What you will do:
Start with the line that holds "อันนี้คือแยกหน้าให้ แต่พอคลิกให้แสดงตามตัวอักษร มัน". Please copy it and each remaining line below exactly, leaving pictures out.

Items from a data source
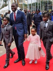 Before, I said that Sakaja was traveling with his lovely wife and kids. His daughter wore a beautiful outfit, while his two sons wore suits and dreadlocks.
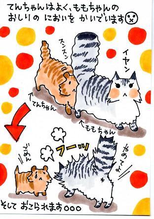 その時に、てんちゃんがこっそり後ろからついて来て ももちゃんのオシリのニオイを
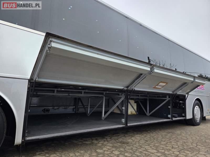 : lodówka, caffebar, fotele odchylane, oświetlenie indywidualne, nawiewy dyszowe, siateczki, ABS, ASR, tempomat, retarder, podnóżki, stoliczki, mikrofon, klimatyzacja, radio, sejf, centralny zamek, podwójne szyby boczne, wspomaganie kierownicy, elektryczne lusterka, ogrzewanie stacjonarne
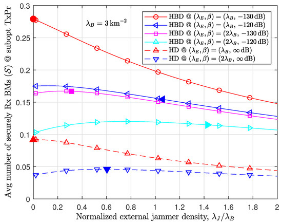 An external jamming signal may contribute to increasing . In particular, is useful for a high Eve density. For example, in an interference-limited scenario with and , when , is maximized at and , where .
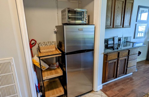 Kitchenette with a refrigerator/freezer, 2 burner glass stove top, toaster oven, microwave, and coffee maker
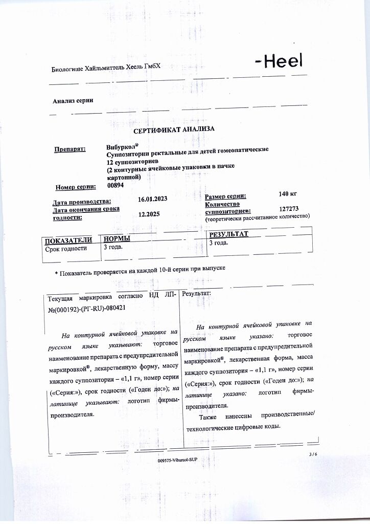 Суппозитории ректальные для детей гомеопатические. По 6 суппозиториев в контурную ячейковую упаковку из поливинилхлоридной / полиэтиленовой пленки. 12 суппозиториев (2 контурные ячейковые упаковки) вместе с инструкцией по медицинскому применению помещают в пачку картонную.
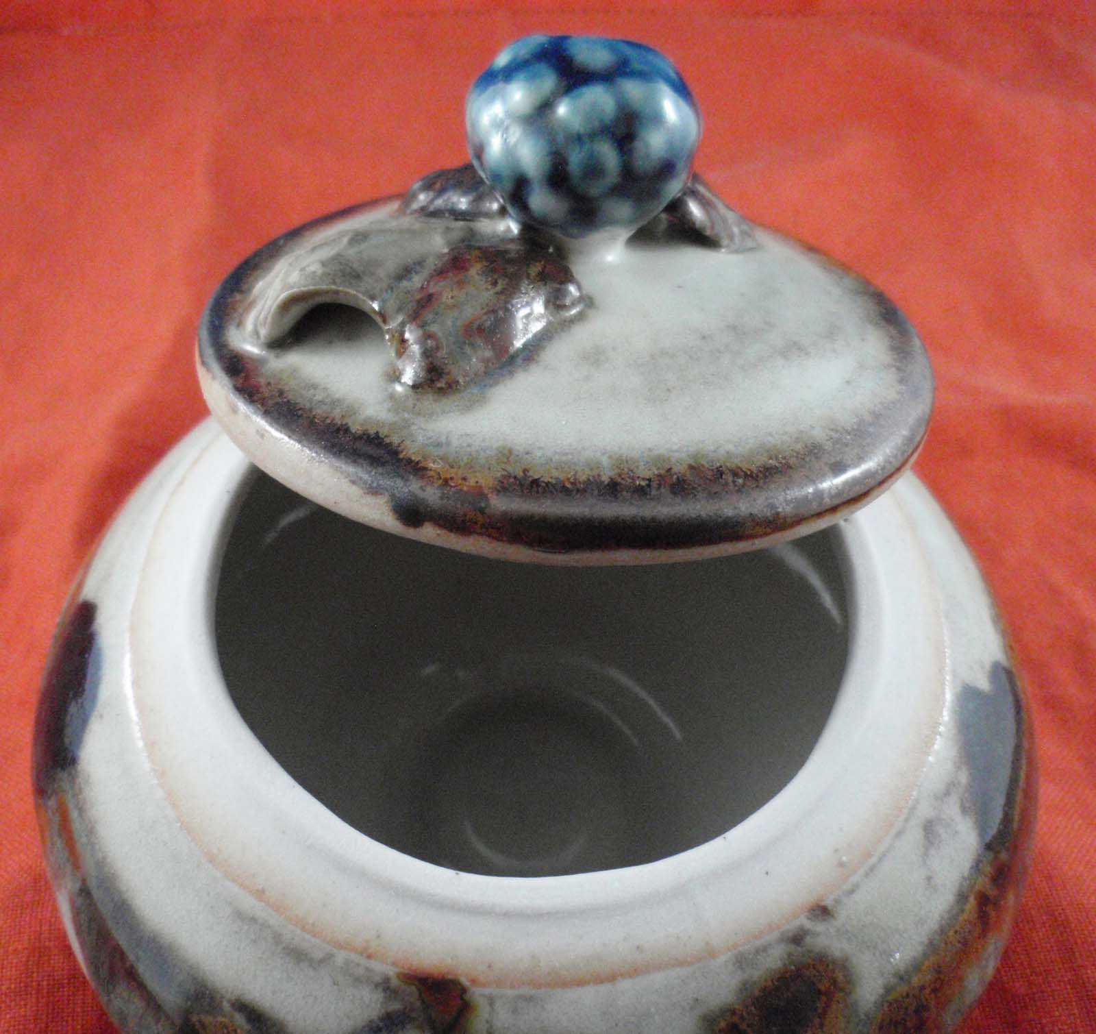 Shape: shallow, bulbous, lid has blackberry & leaves for finial
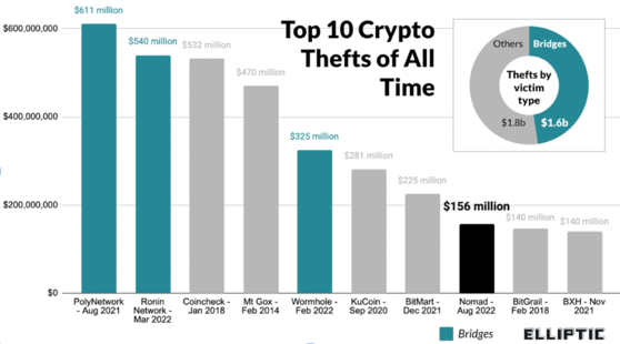 Nomad saldırısı 2022 yılındaki 7. 'köprü' saldırısı oldu. Bu saldırılarda 1.2 milyar dolarlık kripto para çalındı. Geçen yıl ise benzer bir işleve sahip olan PolyNetwork'ten 611 milyon dolarlık kripto para çalınmıştı.
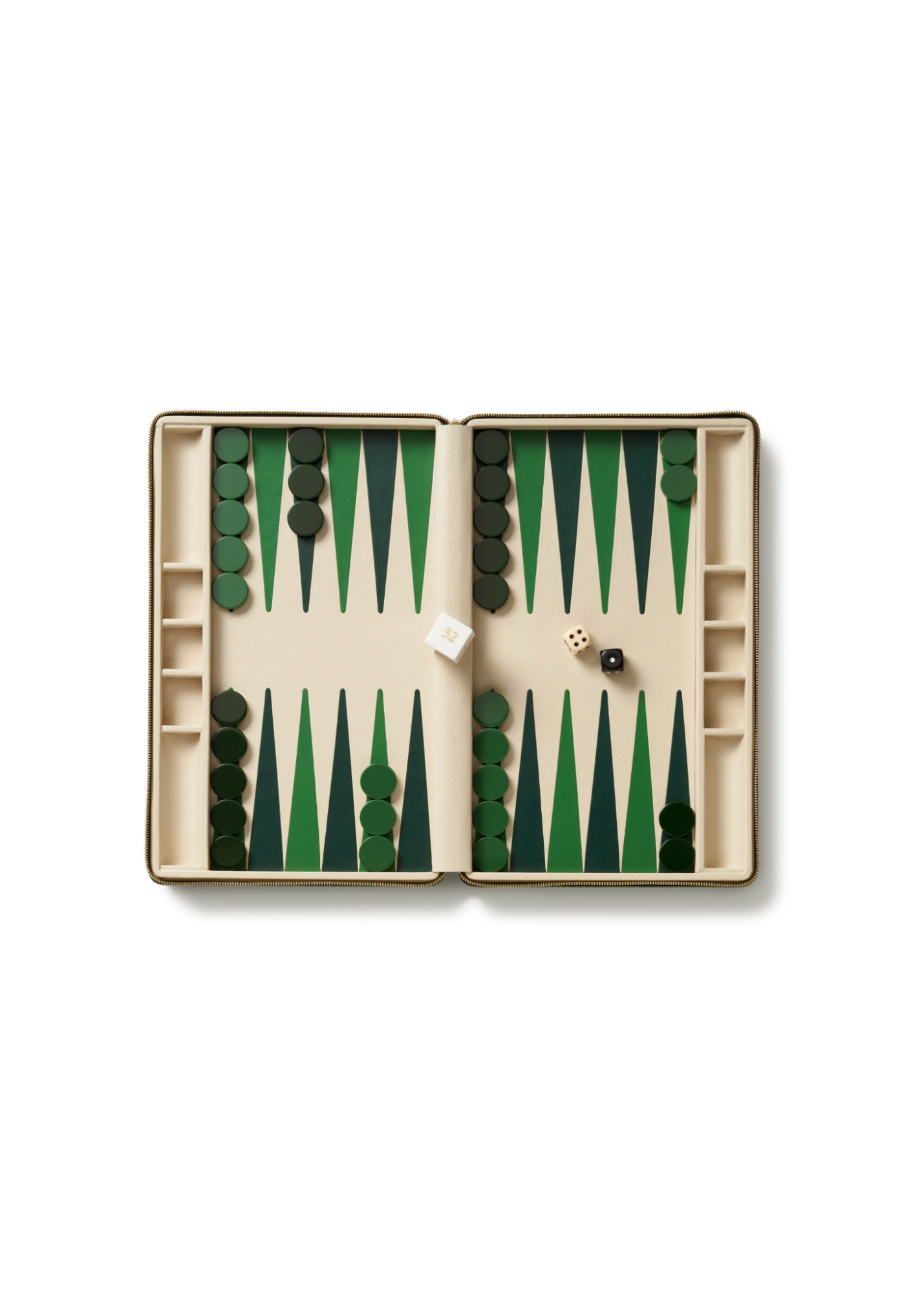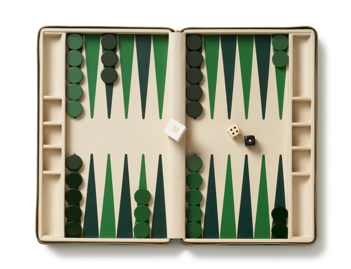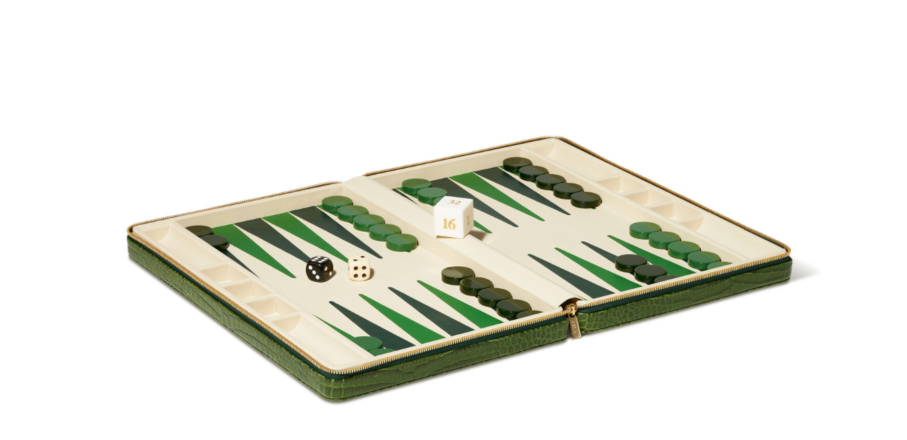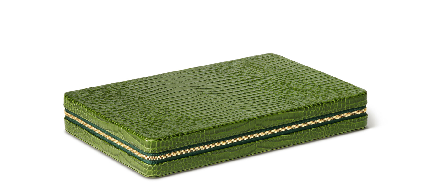 The Enzo Travel Backgammon Set is presented in a compact Italian Croc Embossed Leather case with a gold-finished zipper. Elevated with Napa leather lining and leather marquetry points, the set includes acrylic tiles, dice, and doubling cube. While perfectly sized to include in a carry-on bag while traveling, it is also a stylish addition to a tabletop or bookshelf at home. Available in cream or green.
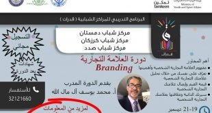 ضمن البرنامج التدريبي للمراكز الشبابية #قدرات. . بدعم من وزارة شؤون الشباب والرياضة وصندوق العمل تمكين تنظم مراكز كرزكان، دمستان وصدد الشبابية دورة “العلامة التجارية Branding” من الفترة 19 ديسمبر الى 21 ديسمبر2017 من الساعة 5:30الى 8:30. 📌📌دورة العلامة التجارية Branding📌📌 العلامة التجارية الشخصية هي انعكاس لهويتك حيث تسلّط الضوء …
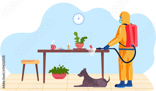 Man in a yellow protective suit disinfects the living room with dog or office with a spray gun. Virus pandemic COVID-19. Prevention against Coronavirus disease, premises sanitization flat vector
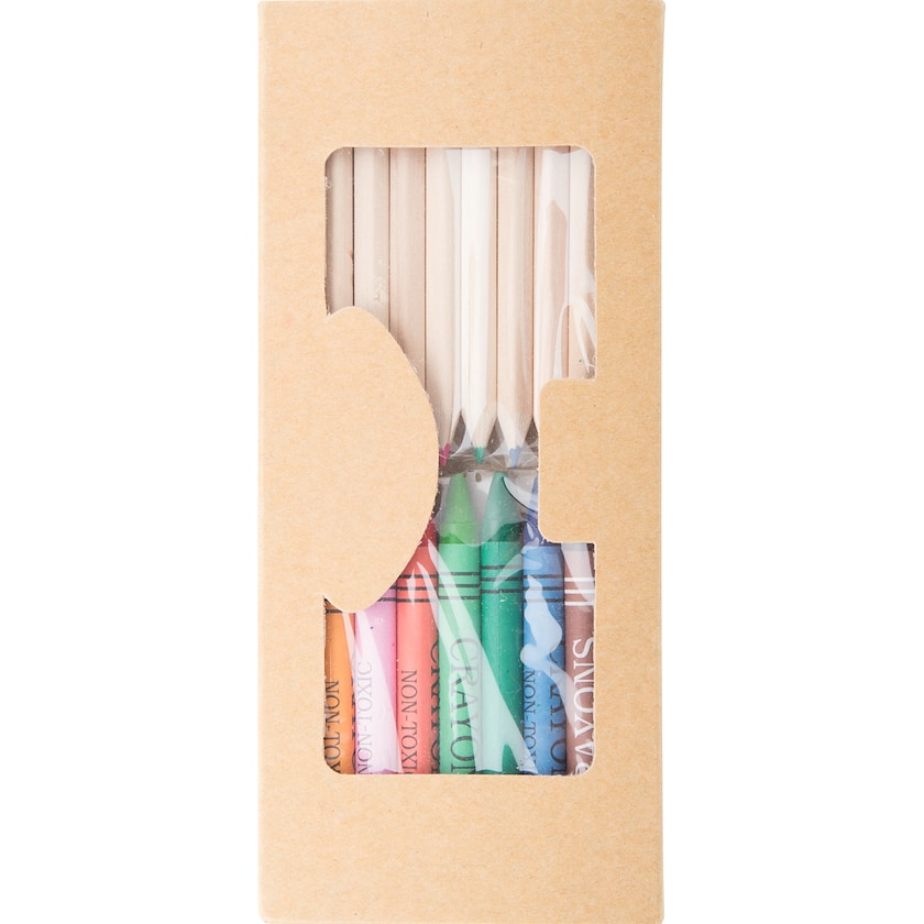 Setti sisältää kymmenen värikynää ja yhdeksän väriliitua luonnonvärisessä paperikotelossa.
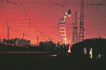9月9日,中国铁路郑州局新乡供电段安阳接触网检修工区职工利用夜间“天窗”,对宜沟站供电设备缺陷进行整治。李孟龙 摄
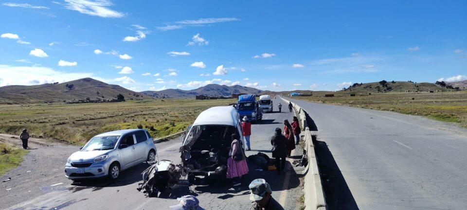 La Paz, 07 de mar 2026 (ATB Digital).- Un accidente de tránsito se registró la mañana de este sábado 7 de marzo en la carretera La Paz–Achacachi, a la altura de la fábrica Lácteosbol. El hecho involucró a dos vehículos, uno de color rojo de servicio interprovincial y otro blanco de uso particular, que colisionaron en ese sector.
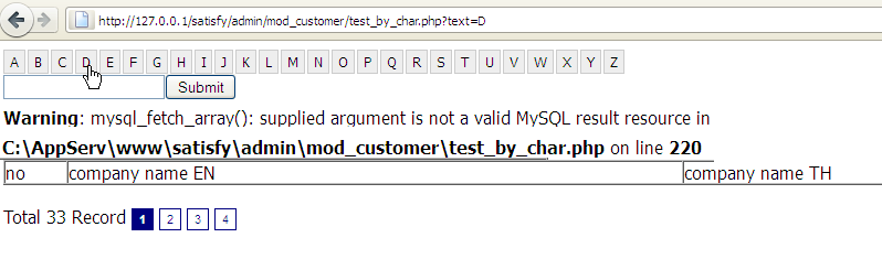 อันนี้คือแยกหน้าให้ แต่พอคลิกให้แสดงตามตัวอักษร มัน error ตามรูปแบบนี้ เวลา search ก็เป็นเหมือนกันครับ
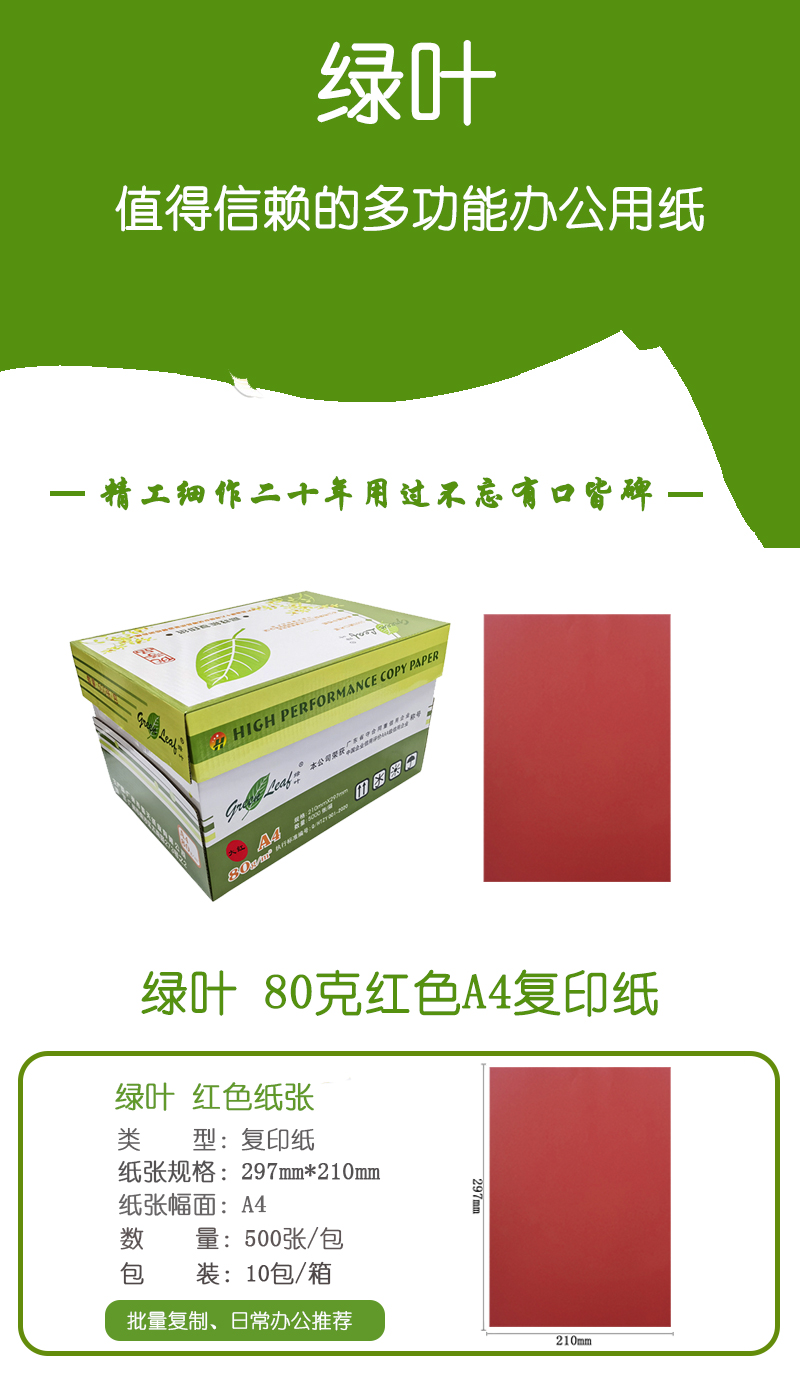商品名称:绿叶(green leaf)80克A4 红色复印纸 500张/包 10包/箱 单价 元/包
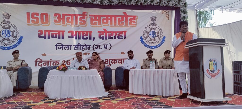 यह प्रमाणन पुलिस थानों द्वारा उच्च स्तरीय कार्यप्रणाली, पारदर्शिता तथा नागरिकों को गुणवत्तापूर्ण सेवाएं प्रदान करने के मानकों को पूरा करने पर दिया जाता है। कार्यक्रम की अध्यक्षता पुलिस अधीक्षक सीहोर दीपक कुमार शुक्ला ने की।
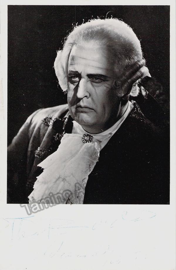 Dutch baritone (1912-1971), signed photo, shown as Scartia in Tosca, dated in 1958, Vienna. Size is 3.5 x 5.5 inches, poor contrast.
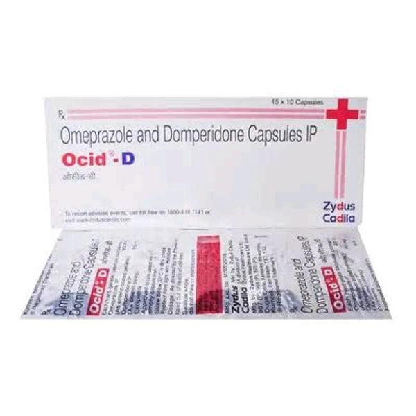 Ocid-D Capsule is a prescription medicine used to treat gastroesophageal reflux disease (Acid reflux) by relieving the symptoms such as heartburn, stomach pain, or irritation. It also neutralizes the acid in the stomach and promotes easy passage of gas to reduce stomach discomfort.
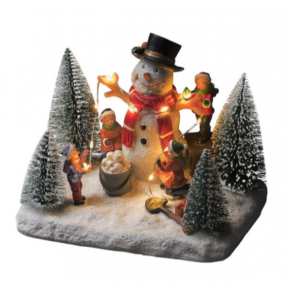 De sneeuwman en de kerstbomen zorgen voor een leuke winterse sfeer op de kast of dressoir.
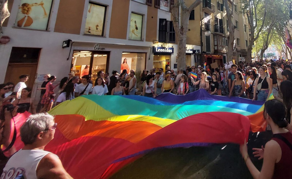 Unas 1.300 personas se han manifestado este sábado, 28 de junio, en Palma, en dos marchas, una de ellas convocada por la asociación Ben Amics --con unos 1.000 asistentes, según cifras policiales--, y otra por la plataforma Orgull Crític Mallorca --con 300 asistentes, según policía--, con motivo del Día del Orgullo Lgtbi 2025.
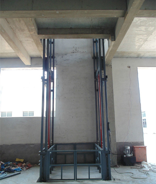 导轨式升降货梯液压系统的组成由防坠、上下层门互动连锁看,可以实现多楼层的控制,同时设有溢流阀、手动泵、管路破裂阀等安全装置使得设备的安全性能有极大的保障。对于导轨式升降机的台面设计,台面以防滑纹钢板材料,台面平整且防滑耐用。
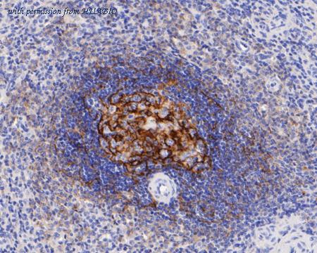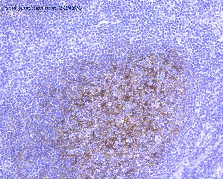 Immunohistochemical analysis of paraffin-embedded human tonsil tissue using anti-CD21 antibody. Counter stained with hematoxylin.
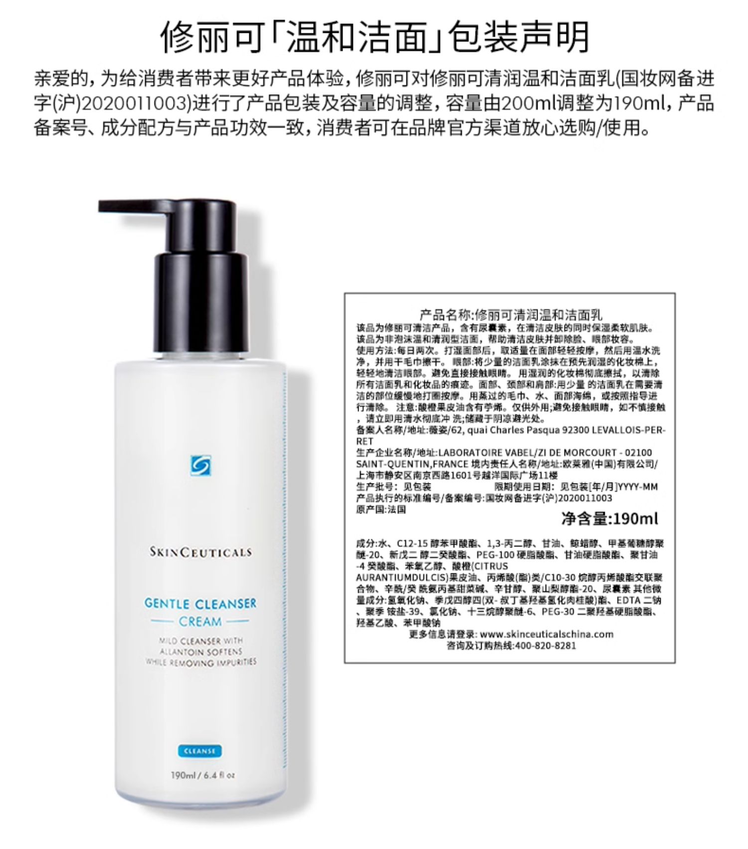 修丽可清润温和洁面乳190ml(注:美妆为特殊商品,下单后不支持退货)

Reply to the task:
 อันนี้คือแยกหน้าให้ แต่พอคลิกให้แสดงตามตัวอักษร มัน error ตามรูปแบบนี้ เวลา search ก็เป็นเหมือนกันครับ
商品名称:绿叶(green leaf)80克A4 红色复印纸 500张/包 10包/箱 单价 元/包
 यह प्रमाणन पुलिस थानों द्वारा उच्च स्तरीय कार्यप्रणाली, पारदर्शिता तथा नागरिकों को गुणवत्तापूर्ण सेवाएं प्रदान करने के मानकों को पूरा करने पर दिया जाता है। कार्यक्रम की अध्यक्षता पुलिस अधीक्षक सीहोर दीपक कुमार शुक्ला ने की।
 Dutch baritone (1912-1971), signed photo, shown as Scartia in Tosca, dated in 1958, Vienna. Size is 3.5 x 5.5 inches, poor contrast.
 Ocid-D Capsule is a prescription medicine used to treat gastroesophageal reflux disease (Acid reflux) by relieving the symptoms such as heartburn, stomach pain, or irritation. It also neutralizes the acid in the stomach and promotes easy passage of gas to reduce stomach discomfort.
 De sneeuwman en de kerstbomen zorgen voor een leuke winterse sfeer op de kast of dressoir.
 Unas 1.300 personas se han manifestado este sábado, 28 de junio, en Palma, en dos marchas, una de ellas convocada por la asociación Ben Amics --con unos 1.000 asistentes, según cifras policiales--, y otra por la plataforma Orgull Crític Mallorca --con 300 asistentes, según policía--, con motivo del Día del Orgullo Lgtbi 2025.
 导轨式升降货梯液压系统的组成由防坠、上下层门互动连锁看,可以实现多楼层的控制,同时设有溢流阀、手动泵、管路破裂阀等安全装置使得设备的安全性能有极大的保障。对于导轨式升降机的台面设计,台面以防滑纹钢板材料,台面平整且防滑耐用。
 Immunohistochemical analysis of paraffin-embedded human tonsil tissue using anti-CD21 antibody. Counter stained with hematoxylin.
 修丽可清润温和洁面乳190ml(注:美妆为特殊商品,下单后不支持退货)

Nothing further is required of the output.